By Tom Loftus
A recent survey of 9,600 CEOs, CIOs and other corporate officers who oversee information security just found a new definition for “optimist.”
Despite facing a decline in funding for even the most basic security practices and the rise of new, more persistent security threats, a whopping 43% of the respondents expressed confidence in their organization’s information security strategy.
The authors of the 2012 Global State of Information Security Survey had a different take, writing that “visibility into when and how the next cyber threat to information will emerge is poor, at best.”
The authors said only about 13% of respondents who deserved to be confident. These people were most likely to work for an organization that employed a chief information security officer and chief security officer, had an overall information security strategy, measured and reviewed its policies and procedures over the past year, and employed dedicated security personnel tasked with supporting internal departments.
Out of the 13% the survey authors identified as leaders, three out of four also expected information security spending to increase at their company.
Why so much optimism? For one thing, respondents have demonstrated an increased awareness of threats. Only 9% of respondents said they were not aware of the frequency, type and number of incidents to strike the organization over the past 12 months. In 2007, 40% admitted to having no knowledge.
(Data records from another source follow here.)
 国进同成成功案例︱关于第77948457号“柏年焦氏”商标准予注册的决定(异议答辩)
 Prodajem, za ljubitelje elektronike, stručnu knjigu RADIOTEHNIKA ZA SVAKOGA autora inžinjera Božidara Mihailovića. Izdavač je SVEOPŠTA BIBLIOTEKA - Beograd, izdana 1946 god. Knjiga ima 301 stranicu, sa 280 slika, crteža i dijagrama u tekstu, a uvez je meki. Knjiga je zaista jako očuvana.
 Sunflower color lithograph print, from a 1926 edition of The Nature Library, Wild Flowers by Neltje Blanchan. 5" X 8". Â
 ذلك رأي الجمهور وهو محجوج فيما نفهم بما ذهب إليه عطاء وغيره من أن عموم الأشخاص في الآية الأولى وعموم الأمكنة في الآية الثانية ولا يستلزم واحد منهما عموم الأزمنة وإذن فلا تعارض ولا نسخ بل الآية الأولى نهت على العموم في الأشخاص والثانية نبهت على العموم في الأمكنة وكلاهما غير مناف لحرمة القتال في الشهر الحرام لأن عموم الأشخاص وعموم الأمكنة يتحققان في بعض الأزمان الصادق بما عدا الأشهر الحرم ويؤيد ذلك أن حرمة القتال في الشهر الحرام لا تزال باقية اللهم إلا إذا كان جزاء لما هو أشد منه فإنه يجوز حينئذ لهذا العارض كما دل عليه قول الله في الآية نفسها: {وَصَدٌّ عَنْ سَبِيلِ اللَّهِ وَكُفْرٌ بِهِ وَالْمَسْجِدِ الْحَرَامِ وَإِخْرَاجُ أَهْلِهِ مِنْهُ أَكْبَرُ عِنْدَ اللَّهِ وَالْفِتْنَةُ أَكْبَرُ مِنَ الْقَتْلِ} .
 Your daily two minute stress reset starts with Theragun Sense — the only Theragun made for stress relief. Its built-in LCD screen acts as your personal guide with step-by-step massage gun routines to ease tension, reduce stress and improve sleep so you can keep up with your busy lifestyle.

Security requirements tied to global standards such as the PCI Security Standards and Sarbanes-Oxley help explain this explosion of awareness explains Mark Lobel, a principal at PwC, and one of the survey’s authors. “If you have better monitoring, you have better a sense of bad things happening.”
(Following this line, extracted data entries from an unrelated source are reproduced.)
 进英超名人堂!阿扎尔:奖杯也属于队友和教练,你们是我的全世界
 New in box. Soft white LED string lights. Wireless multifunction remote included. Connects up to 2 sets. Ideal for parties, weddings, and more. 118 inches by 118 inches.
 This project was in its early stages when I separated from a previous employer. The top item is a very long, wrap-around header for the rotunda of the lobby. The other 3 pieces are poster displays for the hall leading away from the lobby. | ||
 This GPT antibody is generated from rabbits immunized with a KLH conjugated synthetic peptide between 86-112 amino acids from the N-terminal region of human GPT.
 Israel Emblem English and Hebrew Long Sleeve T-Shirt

The 2011 survey revealed that the usage of security safeguards–from code detection tools to intrusion-prevention tools–have jumped by as much as 13 percentage points from the year previous.
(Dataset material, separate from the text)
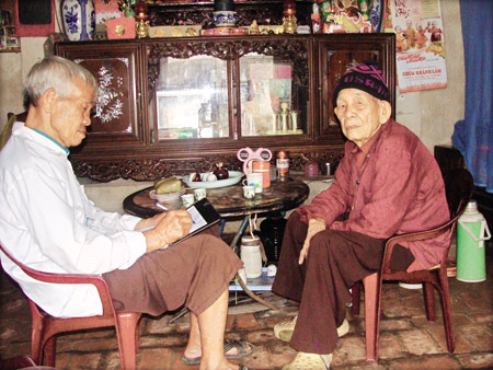 Hai cụ Nguyễn Đình Phương và cụ Vũ Hồng đang kể lại nguồn gốc đình Vật. |
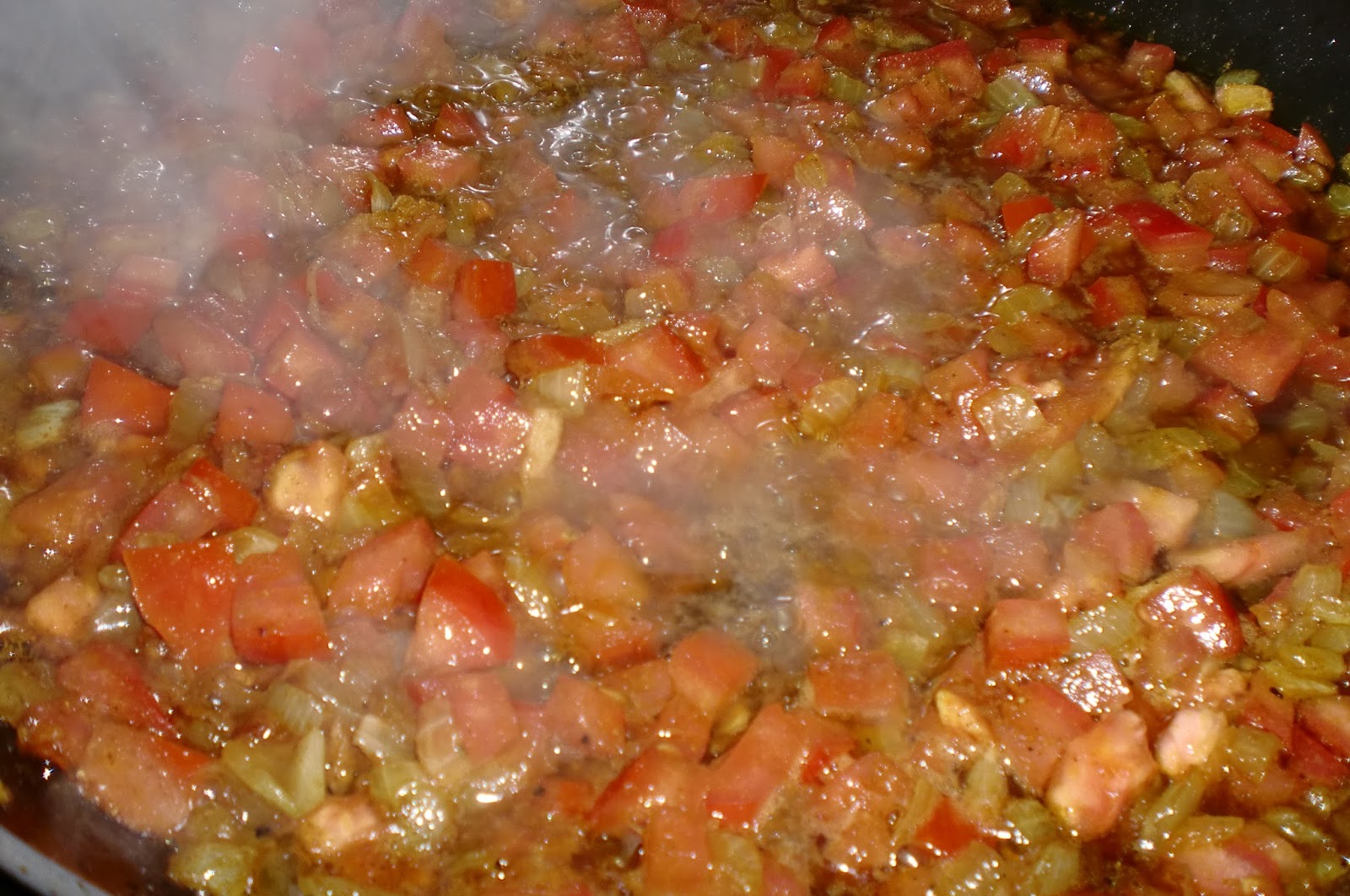 Añadimos los tomates picados y cocinamos unos 5 min.

But when it comes to battling the shadowy world of cybercrime, such improvements can also create “false sense of security,” Lobel said.
While 43% of respondents said that they have an effective strategy and are proactive in executing the plan, only 16% said that their firm’s strategy addresses something called an “advanced persistent threat,” sophisticated attacks from groups that are organized enough to hit their targets for a prolonged period of time. These attacks are designed to avoid newly installed monitoring controls, Lobel said.
These attacks used to be reserved for very large companies and government organizations, but survey authors say that they are becoming a concern for private firms as well. “Attackers no longer come at the front door,” Lobel said, “They break into partners and suppliers and try to tunnel through.”
Survey respondents estimated that 15% of security breaches of all types were the result of a cyber attack on a partner or supplier, up from 8% in 2009. Respondents also noted that their firm’s capabilities in regards to due diligence, privacy requirements, and reporting security breaches concerning third parties have all decreased between 2009 and 2011.
For example in 2009, 39% of respondents said that their firm required third parties to comply with privacy policies. In 2011, only 29% said that was so.
That number is going to go up, said Lobel, as the economic climate stagnates. If large firms have a hard time getting adequate security funding, it’s worse for their suppliers who are operating on smaller budgets.
In North America, 31% of respondents said that security spending would increase in 12 months, and that’s a point of concern in the months ahead, according to Lobel.